3. The petitioners instituted Suit No. 109 of 1977 on August 18,1977 in the court of Sub-Divisional Officer, Udaipur for declaration and for permanant injunction with the allegations that 13 khasras measuring 11 Bighas 6 Biswas were let out to their ancestors by Shri Laxmansingh Rajput Tak, the ancestor of defendant No. 1 Chunnilal, on Migear Sudi 10 S.Y. 1955 and since then, the ancestors and after them, the plaintiffs are in their possession and they have been cultivating the same. In the Settlement of S.Y. 1987, the name of grand-father of the plaintiffs Lehru, Kanhaiyalal, Devilal, Laxman and uncle of the plaintiffs Partha namely; Gamana was recorded as Shikmi Kashtkar. Gamana's brother Kana was also cultivating along with him and after the death of Gamana and Kana, Amra the father of plaintiffs Lehru, Kanhaiyalal, Devilal and Laxman son of Shavlal and Pratha son of Kana had been in the cultivatory possession of the land. At the time of the settlement of S.Y. 1987, the land was mortgaged to one Shri Khemraj. So, the name of Shri Khemraj was entered as Khatedar. After redemption of the land, Chunnilal defendant No I was recorded as Khatedar of the land. However, the plaintiffs continued to be in the cultivatory possession of the land as sub-tenants. The plaintiffs alleged that they were sub-tenants on the date of the commencement of the Rajasthan Tenancy Act, 1955 (for short 'the Act') and even in the year 1961, the entries of the settlement Jamabandi for S.Y. 1987 continued, it was further alleged by the plaintiffs that the name of defendant No. 1 Chunnilal was wrongly continued as Khatedar in the Jamabandi upto May 5,1970. By operation of the law, the plaintifft became khatedars of the land. Defendant No 1 illegally entered into an agreement to sell the land in question with the defendant No. 5 Deena Nath on February 22, 1974 and defendant No. 5 Deenanath obtained a decree for specific performance of contract and in execution of the decree, the Additional District Judge executed the sale-deed in respect of the land in question on April 17, 1975 in favour of the defendant No. 5. Therefore, the defendant No. 5 got mutstion effected in his name as khatedar of the land on May 13, 1977 in place of the name of Shri Chunnilal. The plaintiffs sought a declaration that they were and are the khatedars of the land and the defendants be restrained from interfering in their cultivatory possession of the land.
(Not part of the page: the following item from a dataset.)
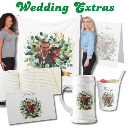 Hochzeit von Foto- und Textvorlagen, Neuvermählte, Jubiläumsveranstaltung mit Eukalyptus, grüne Blätter mit Goldakzenten Thema.

3. Along with the filing of the plaint the plaintiffs submitted an application for temporary injunction under Section 212 of the Rajasthan Tenancy Act read with Order XXXIX, Rules 1 and 2 and Section 15(sic)2, CPC, which was registered as Miscellaneous Application Not 129 of 1977. The Sub Divisional Officer, Udaipur after hearing the parties, vacated the temporary injunction by his order dated January 4, 1978. The plaintiff's preferred an appeal against that order and their appeal No. 34 of 1978 was allowed by the Revenue Appellate Authority, Udaipur on June 6, 1978. The defendant Deenanath went in revision before the Board of Revenue and his revision No. 106 of 1976 was allowed on February 7, 1979 and the order of the Revenue Appellate Authority was set aside and the order of the Sub-Divisional Officer dated January, 1978 was restored.
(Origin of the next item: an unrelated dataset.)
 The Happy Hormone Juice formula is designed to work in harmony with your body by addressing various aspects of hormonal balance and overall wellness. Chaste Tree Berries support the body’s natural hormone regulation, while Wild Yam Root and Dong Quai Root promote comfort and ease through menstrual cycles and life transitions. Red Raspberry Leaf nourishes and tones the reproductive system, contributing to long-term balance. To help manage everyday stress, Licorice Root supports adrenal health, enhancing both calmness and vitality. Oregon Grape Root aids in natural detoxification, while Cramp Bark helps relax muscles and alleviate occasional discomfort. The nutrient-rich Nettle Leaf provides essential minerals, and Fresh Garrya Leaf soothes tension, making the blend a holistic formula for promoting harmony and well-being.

4. Thereafter, on March 23,1979 the defendant Deenanath submitted an application under Section 212 of the Act for appointment of a receiver alleging that the plaintiffs' application for temporary injunction has been rejected on the basis that the defendant Deenanath has been put into possession of the land on May 9, 978 by the court of Addl. District Judge, Udaipur in execution of the decree for specific performance. It was alleged that the plaintiffs taking undue advantage of the order of the Revenue Appellate Authority dated June 6,1978 whereby, the defendant was restrained from interfering in their possession, indulged into forcible interference in the possession of the defendant and damaged the crops sown by him. It was alleged that the plaintiffs are bent upon demaging the land and deprive the defendant from its legitimate use and occupation, so the defendant Deenanath prayed for appointment of receiver. The Sub-Divisional Officer, Udaipur by his order dated May 15, 1979 allowed the application and appointed Tehsildar, Girwa as receiver. On the same day i.e. May 15,1979, the plaintiffs moved an application under Sub-section (2) of Section 212 of the Act that the plaintiffs are prepared to give cash-security, so the order for cash-security may be passed and order of appointment of the receiver may be withdrawn. The sub-Divisional Officer by his order dated May 21, 1979 allowed the plaintiffs' application and ordered the plaintiffs to deposit Rs. 2,000/- every year byway of cash-security on the 1st June and it was further ordered that the cash security for that year be deposited within a week. In case the security is not deposited within the prescribed time, the order for appointment of the receiver will remain in force, else it will stand withdrawn. The plaintiffs' appeal No. 353 of 1979 against the order of appointment of receiver was dismissed by the Revenue Appellate Authority on September 9 1980 and Deenanath's appeal No. 342 of 1979 against the order of the Sub-Divisional Officer dated May 21, 1979 for cash-security was allowed and the order of the Sub-Divisional Officer was set aside.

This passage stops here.